Note – Keep the same number of bars top and bottom, to allow ease of fixing of rebar/cages on site (i.e. don’t use 3 bars top and 4 bars at the bottom). Also, the top bars need be a minimum of 2 bar sizes lower than the bottom bars, which is why we used B20 bars for the top reinforcement instead of using a B12 or B16.
Span- Effective Depth Ratio
\(\rho = 100A_{s,req}/bd = (100\times 2474)/(400\times 352) = 1.75%\)
From span-ratio table, basic span/effective depth for a simply supported beam is 14.
Modification for ratio = 14 x (3217/2474) = 18.20
Span-effective depth ratio provided = 5000/352 = 14.2.

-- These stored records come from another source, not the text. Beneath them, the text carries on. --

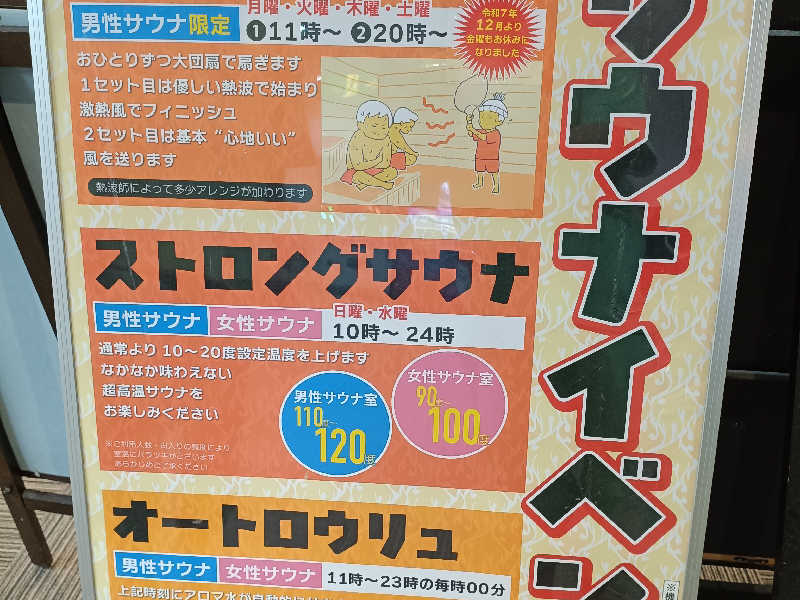 20時過ぎにイン。たまたま空きを引き当てて駐車、いきなりラッキー。偶数日で今日は左。高級マッサージ機で昇天してる凡愚さんを発見し、少しお話してから脱衣所へ。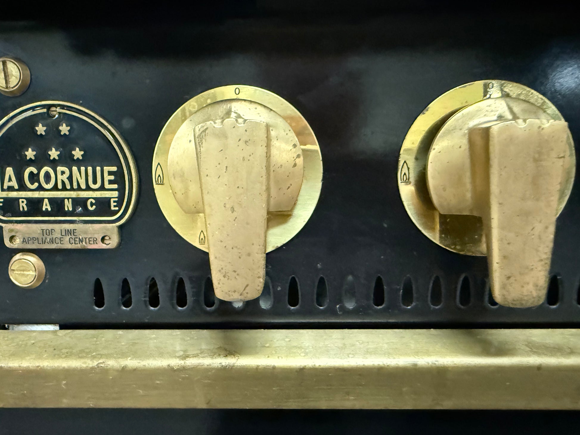 The La Cornue Château 120 is an icon of French culinary artistry, blending timeless design with professional cooking performance. At 47", this dual fuel range is finished in classic black with polished detailing, making it a striking focal point in any luxury kitchen.
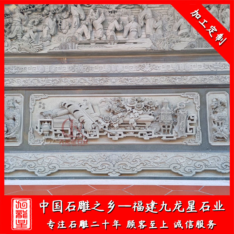 石雕浮雕(石雕浮雕壁畫圖片 廣東祠堂石材浮雕壁畫墻)——九龍星石業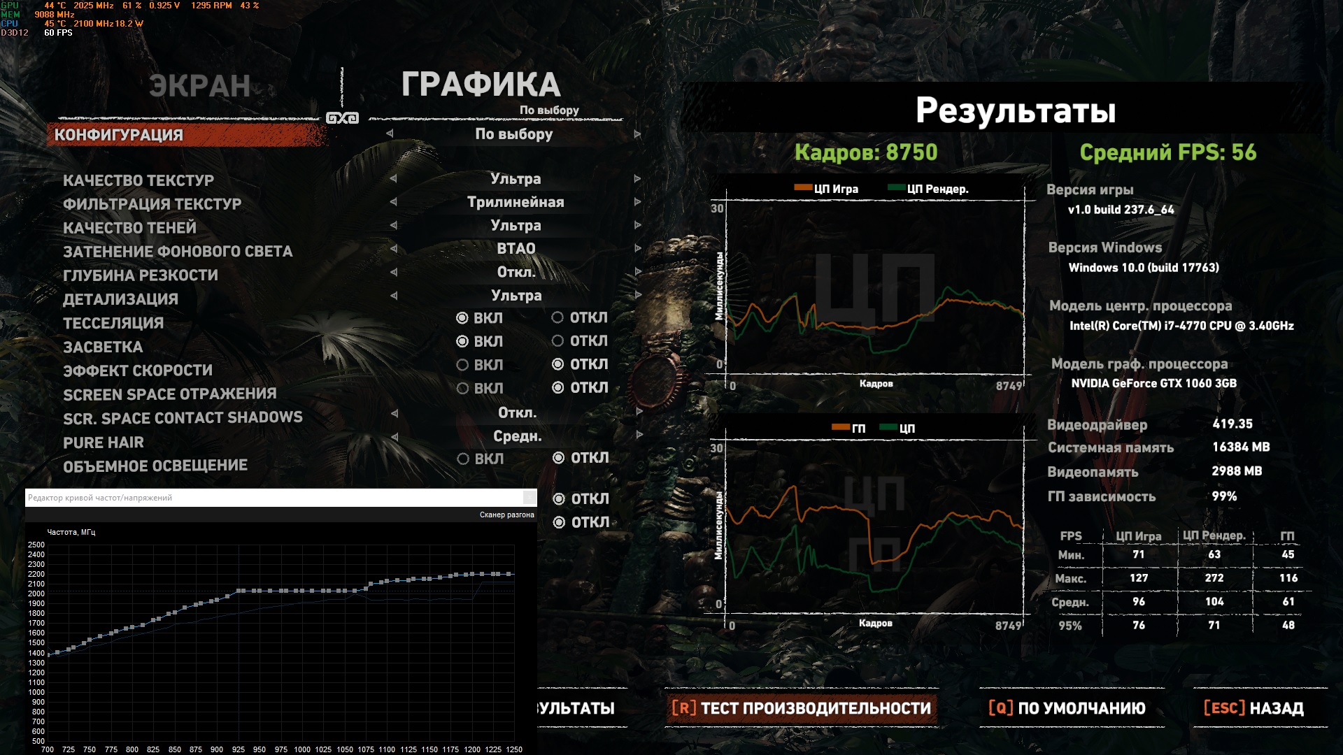 Добавлено спустя 12 минут 51 секунду: 03-09-2019, 22:48:32 MetroExodus.exe benchmark completed, 118637 frames rendered in 1897.234 s Average framerate : 62.5 FPS Minimum framerate : 0.6 FPS Maximum framerate : 76.5 FPS 1% low framerate : 38.4 FPS 0.1% low framerate : 7.3 FPS Вот такая кухня на ультрах, думаю норм. Писал на предыдущей странице.

14.2<18.20 .. Therefore, it is okay.
Shear Link in Beam Design
Design for Shear
Maximum design shear V = wu x effective span/2 = 100 x 5.0/2 = 250 kN
Design shear at face of support VED = 250 – 100×0.15 = 235 kN
Maximum shear at face of support,
Crushing strength VRd,max of diagonal strut, assuming angle ϑ = 22°, cot ϑ = 2.5
VRd,max = 0.124 bw d (1-fck /250) fck
= 0.124 x 400 x 400 (1-32/250) x 32 x 10-3
= 554 kN (> 235 kN)
Therefore, angle ϑ = 22°, cot ϑ = 2.5 will be taken.
Shear Links
The required shear links in a beam is defined the the equation below:
Asw/s = Ved/0.78dfykcotθ = 235 x 103 / (0.78 x 400 x 500 x 2.5) = 0.60
Referring to the shear reinforcement table (click on link). We can calculate the link spacing and size.
Provide 2 Legs 8mm shear links at 150mm spacing = 0.671 … OKAY
Minimum Shear Links
Asw,min/s = 0.08fck0.5bw/fyk = 0.08 x 320.5 x 400 / (500) = 0.36
We have already provided 8mm links at 150mm spacing (0.671) which is adequate.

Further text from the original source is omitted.